Preview 2013: Defensive Tackle Comment Count

Brian August 28th, 2013 at 12:19 PM

Previously: Podcast 5.0, The Story, Quarterback, Running Back, Wide Receiver, Tight End and Friends, Offensive Line.

A note before we start: this preview relies heavily on the defensive UFRs of last year because there’s a convenient numerical system that does a decent job of summing up a defensive player’s contributions. One caveat: the system is generous to defensive linemen and harsh to defensive backs, especially cornerbacks. A +4 for a defensive end is just okay; for a cornerback it’s outstanding.

Depth Chart
STRONG DE Yr. NOSE TACKLE Yr. 3-TECH Yr. WEAK DE Yr.
Keith Heitzman So.* Quinton Washington Sr.* Jibreel Black Sr. Frank Clark Jr.
Chris Wormley Fr.* Ondre Pipkins So. Willie Henry Fr.* Mario Ojemudia So.
Matt Godin Fr.* Richard Ash Jr.* Ryan Glasgow Fr.*# Taco Charlton Fr.

Depth chart shows everybody just because.

Michigan has promise, depth, and even experience at defensive tackle that reaches three-deep. Greg Mattison's spent fall camp telling people that he feels he can rotate three-deep everywhere across the line, and I almost believe him. Aside from nose tackle, where it's doubtful Richard Ash gets a lot of playing time, Michigan does have three guys who can play.

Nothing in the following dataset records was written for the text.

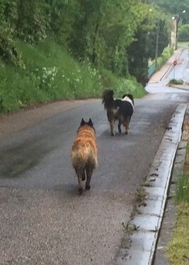 Description :Vu ce jour à 9h15 du matin, 1 Berger Australien et 1 Berger Belge Tervueren trottant ensemble remontant le chemin des Bruyères.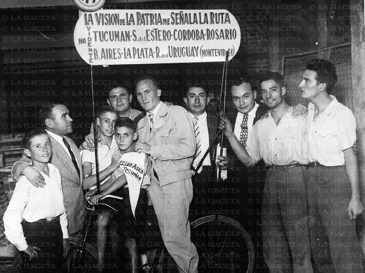 Eduardo D. Morales había comenzado a perder la vista en 1944 y abandonó su pasión por las caminatas y el ciclismo, abrumado por su destino. Pero un año después su temple extraordinario -tal como relata la crónica de LA GACETA- lo llevó a hacer, ya totalmente ciego, una caminata a pie, con bastón, hasta Buenos Aires, donde entrevistó al mismo presidente, Juan Domingo Perón, “quien dispuso que se le hiciera la concesión de un surtidor de nafta” para que pudiese vivir cómodamente. La inquietud del raidista siguió latente: el 3 de diciembre de 1949 se publicó esta foto, que seleccionó Gustavo Grupalli, y en la nota se cuenta que, con el auspicio del club Los Ases, Morales emprendería un raid en bicicleta hasta Montevideo, llevando sentado en la parte delantera a su hermanito Arturo Enrique Morales, de 11 años, que como guía le iba a ir indicando el camino.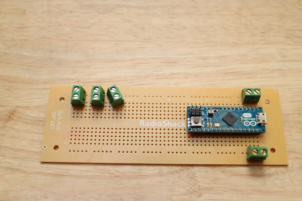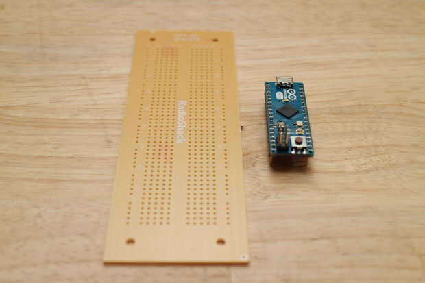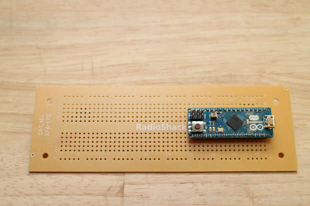 Coloque el Arduino Micro en el proto-board con el conector USB micro hacia fuera.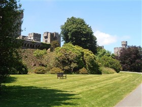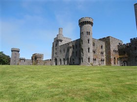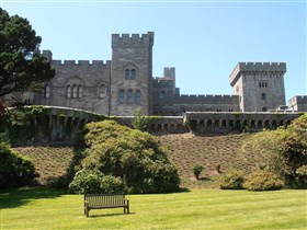 Set in landscaped grounds of Penrhyn Park in elevated position surrounded by open lawns and some trees at end of long winding drive from Grand Lodge; dominates the surrounding countryside.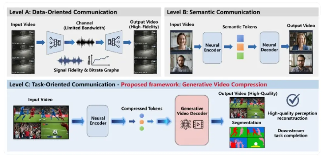 這項技術的核心邏輯被稱為“用計算換帶寬”。與傳統視頻編碼(如 H.265或 H.266)依靠“搬運像素”的邏輯不同,GVC 不再傳遞完整的畫面像素,而是傳遞“如何畫出畫面”的指令。這些極小的數據包被稱為“壓縮 Token”,其中包含了畫面的語義信息(場景、物體結構)和運動信息(動作趨勢)。
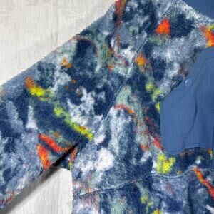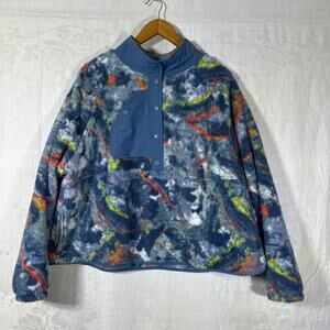 Livi Fleece Pullover 18 20 Blue Abstract Print 1/4 Snap Fuzzy Lane Bryant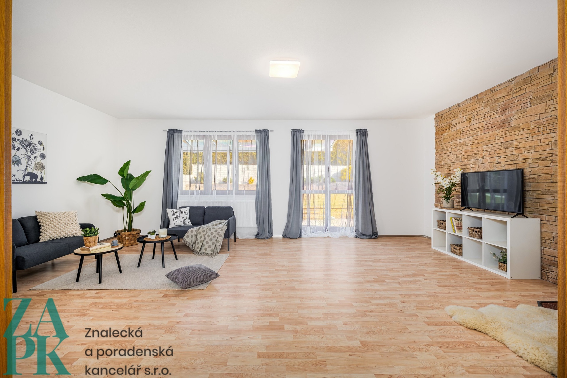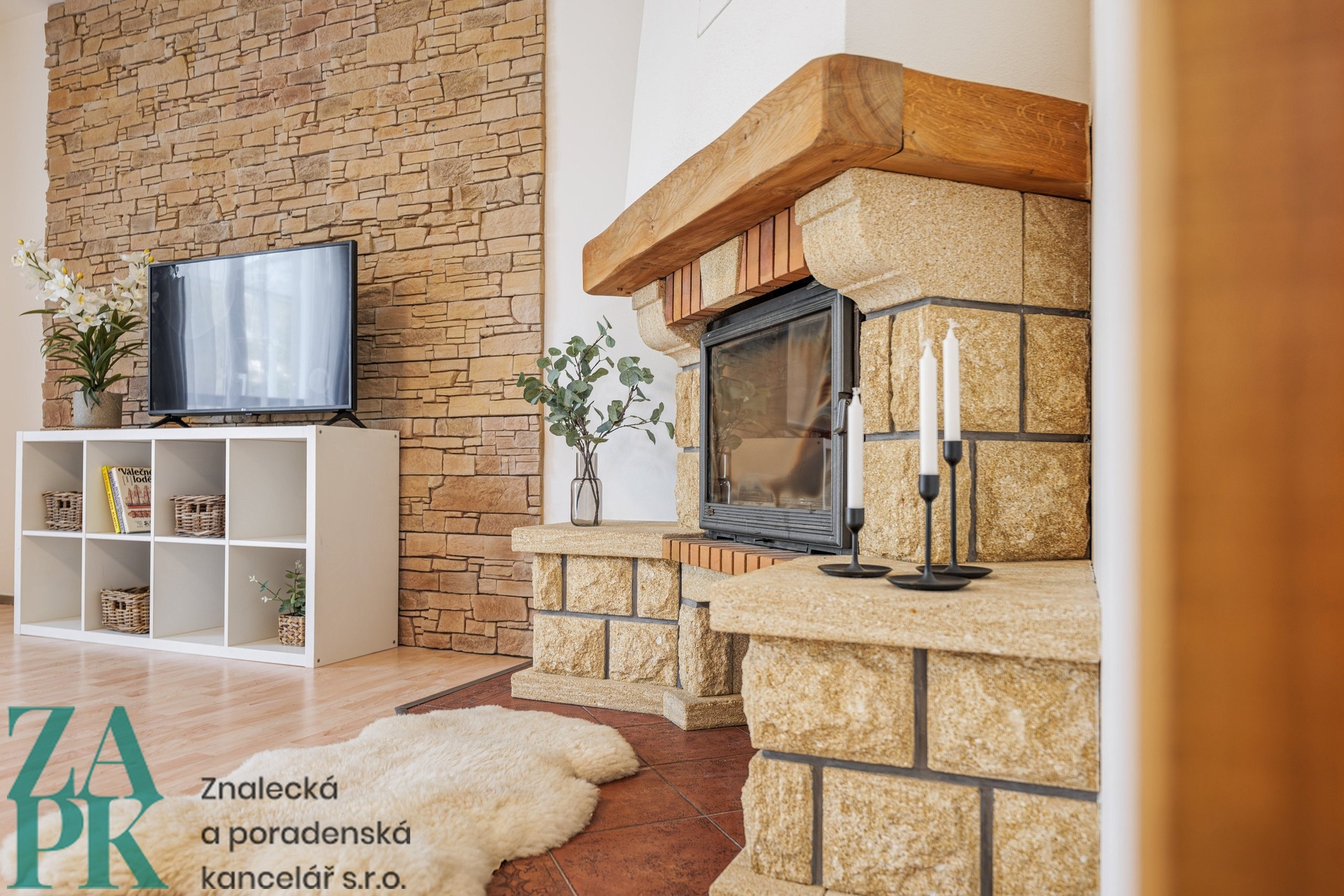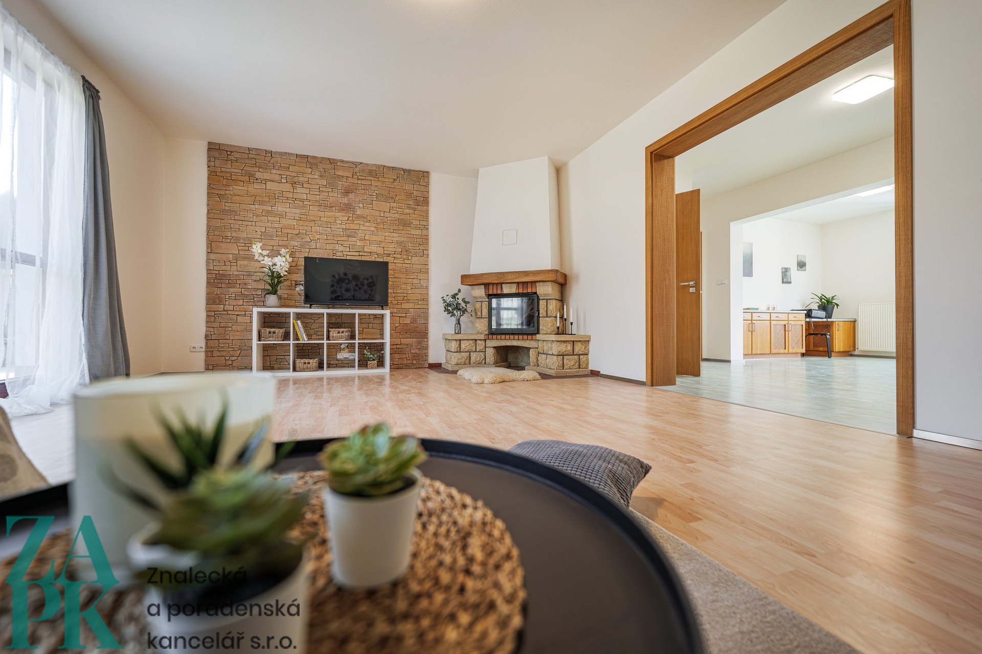 • Prostorný obývací pokoj s krbem a vlezem na zahradu

At nose they just have an above-average returning starter and the sophomore year of five-star Ondre Pipkins. That'll be an okay platoon, I think. Three-tech is dodgier, with 280-pound Jibreel Black trying to hold up a year after 280-pound Jibreel Black was flipped out to end late so that Washington could make his way into the lineup. Even there they've got two guys they seem to like a lot behind Black.

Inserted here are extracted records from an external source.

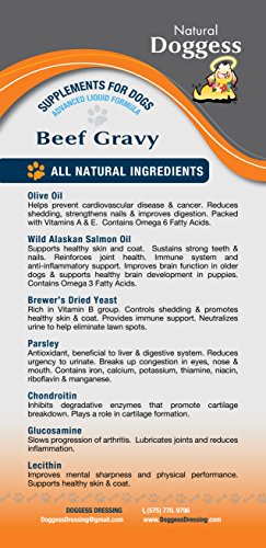 -. Feature : WHY? We make Doggess with only Natural and Healthy ingredients for people who believe their dog's quality of life is just as important as their own. / We believe in using SUSTAINABLE INGREDIENTS. Only the highest quality vegetarian glucosamine, NOT glucosamine form unknown shellfish sources. Bovine sourced chondroitin, NOT unsustainable shark cartilage. NO palm oils, NO stearic acid (limits nutrient absorption) NO Stevia (can cause diarrhea) NO sodium benzoate (mixed with Vit. C/citric or absorbic acid, converts to benzene which is HIGHLY CARCINOGENIC) / HOW? We believe in small batch productions to ensure TRUTH IN LABELING and EXCEPTIONAL QUALITY. / WHAT? 7 Key Ingredients with Vitamin C (see ingredient card image for details) that help improve hip and joint mobility, reduce shedding, improve mental sharpness and support the immune system. LIQUID FORMULA PROMOTES EXCELLENT ABSORPTION! / DELICIOUS Beef Gravy flavor in an easy pour bottle. No more stinky hands handling treats. 100% MONEY BACK GUARANTEE &10% Bulk Discount Order. PORTION OF EACH SALE IS DONATED TO ASPCA & PAWS AND STRIPES VETERANS ORGANIZATION!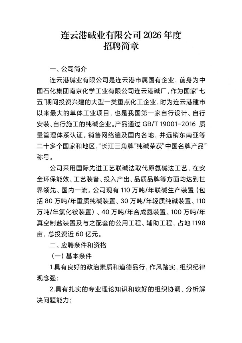 連云港堿業(yè)有限公司2026年度招聘簡章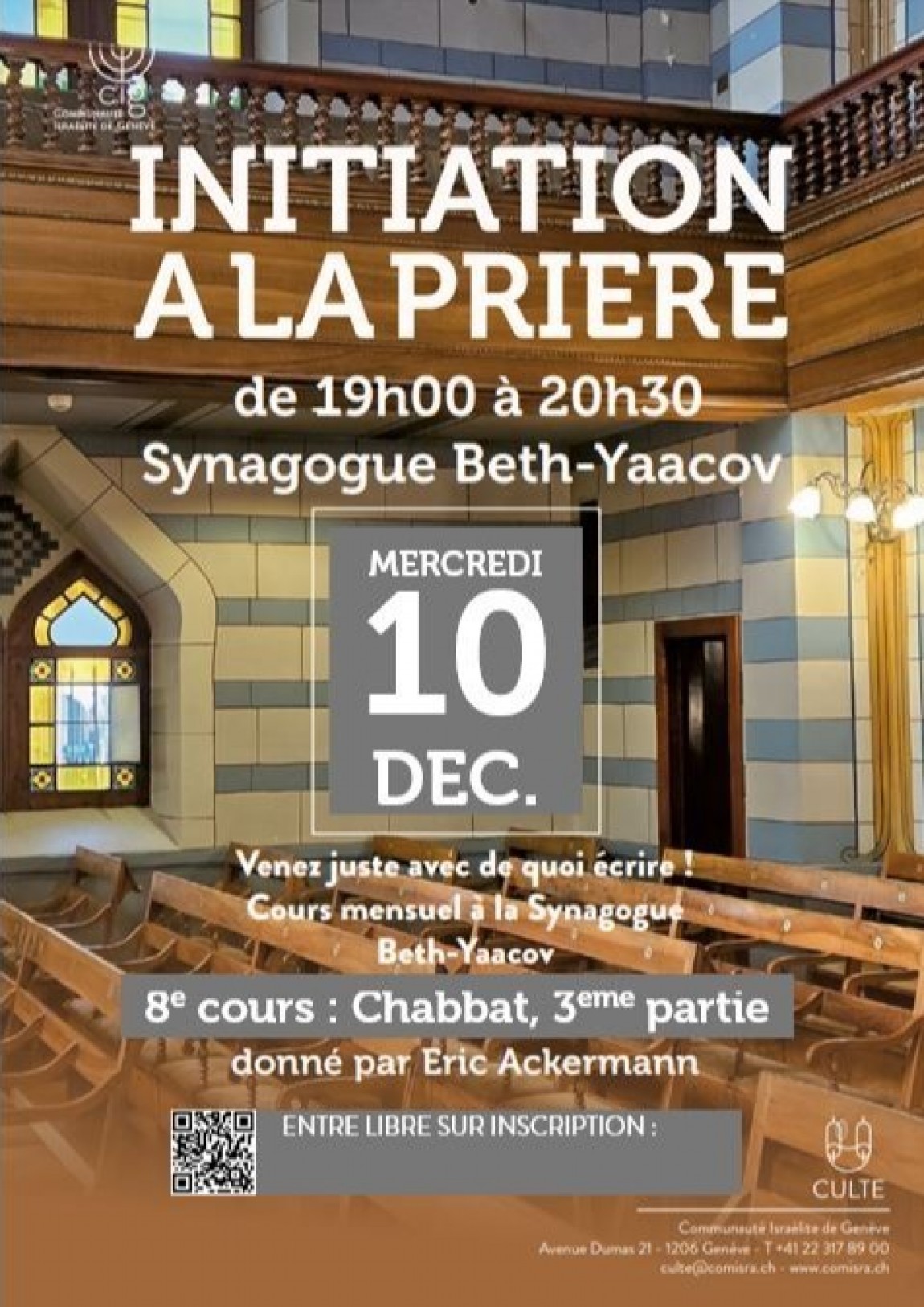 Cours mensuel à la synagogue Beth Yaacov Venez avec de quoi écrire ! ENTREE LIBRE SUR INSCRIPTION : Inscription Infomaniak : urlr.me/NfmAB4 |

It's weird, I know. Get used to it: this is a preview of what it's like when Hoke's recruiting classes finally take hold.

Nose Tackle

Rating: 4.5

washington-hoke2177990020673_1664a29a87_b140

Instructed and instructor [unknown/Upchurch]

QUINTON WASHINGTON
penetrates
forces cutback
hello backfield
slants for big TFL
painful looking tackle
and then SC never ran again
smash!
just UMass but still
grraAAAGGHHHH
pad level
pad level pt 2
refuses to get trapped
fights through scoop
sets up Ojemuda FF
occasionally handled
pancaked vs ND
control and chuck
discards NEB OL
gets into the chest

Will Heininger's progression from guy getting blown up against EMU to serious contributor and guy you worry a bit about replacing established this site's "Heininger Certainty Principle," which states that because of Will Heininger Michigan fans should have confidence that Brady Hoke and Greg Mattison will get every ounce of talent out of their charges. That hypothesis graduated to theory when QUINTON WASHINGTON chiseled it in stone over the course of last season.

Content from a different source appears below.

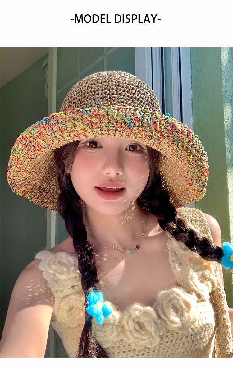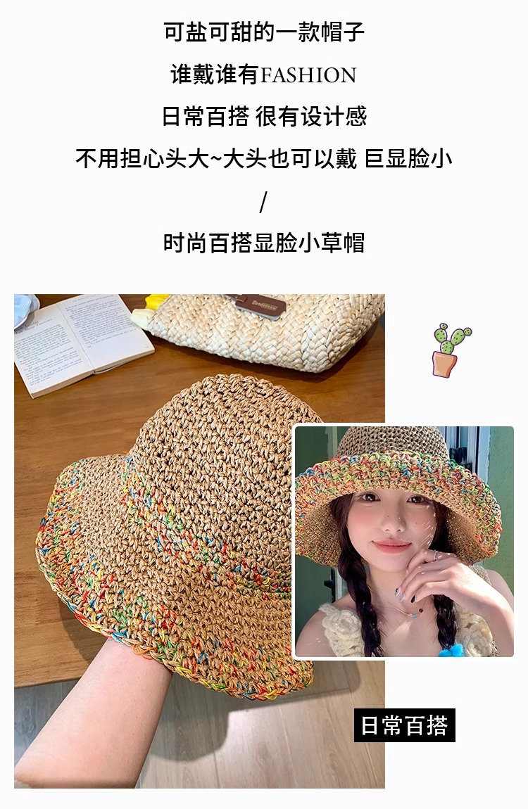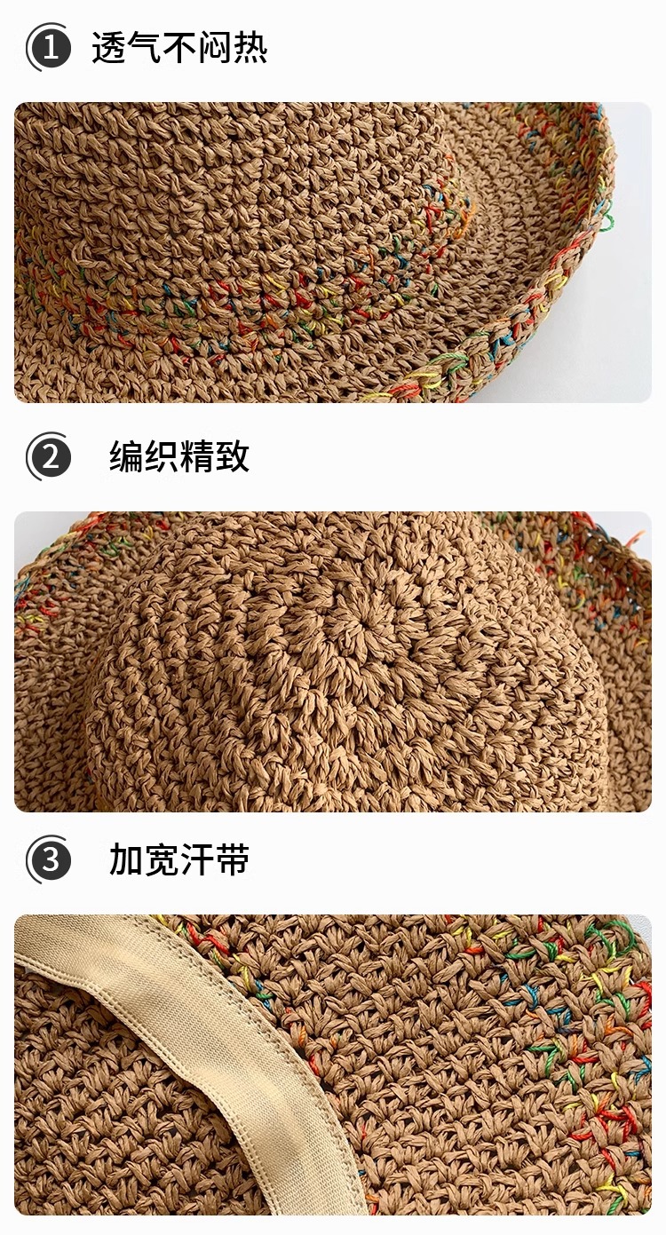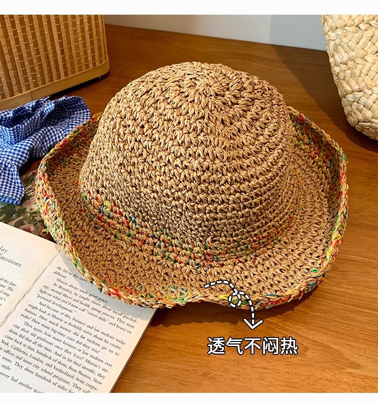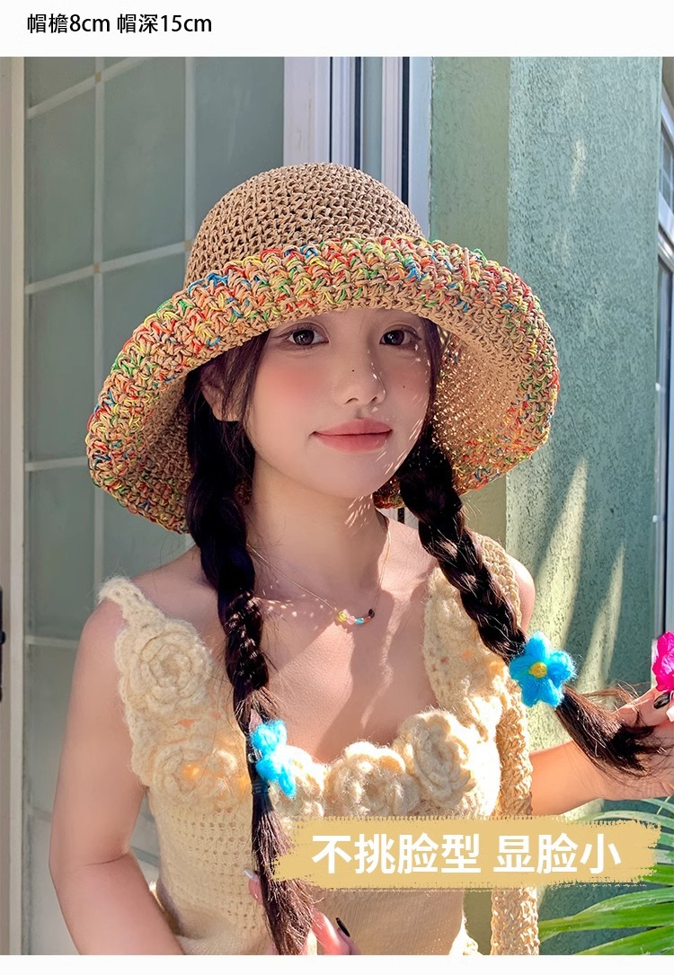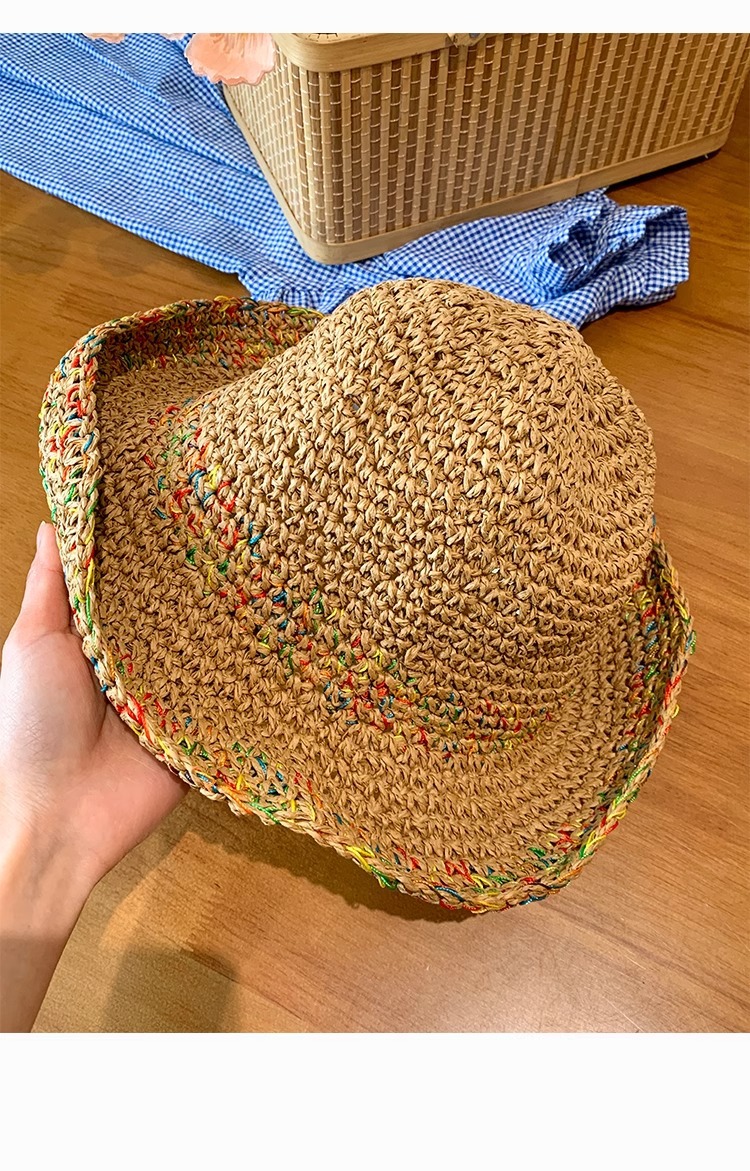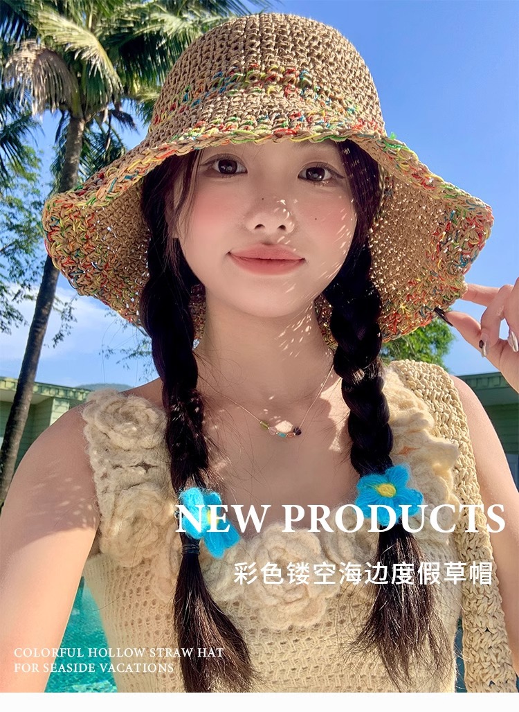 컬러 할로우 큰 모자 밀짚 모자 여성의 2025 년 봄 새로운 차양 선 스크린 모자 해변 휴일 태양 모자스토어 가기

Washington was a converted offensive lineman with maybe a half-dozen snaps to his name when he was suddenly (and perhaps accidentally) announced as the starter at nose tackle when the Big Ten Network visited Michigan's practice. This caused the usual round of animated emoticons running in circles and a big "I don't know" in last year's preview:

I have no idea how Washington will do. …  Washington is a redshirt junior and former touted recruit, so this could work out. Totally. Maybe.

So of course he was one of the strengths of the defense. Heininger Certainty Principle, you guys.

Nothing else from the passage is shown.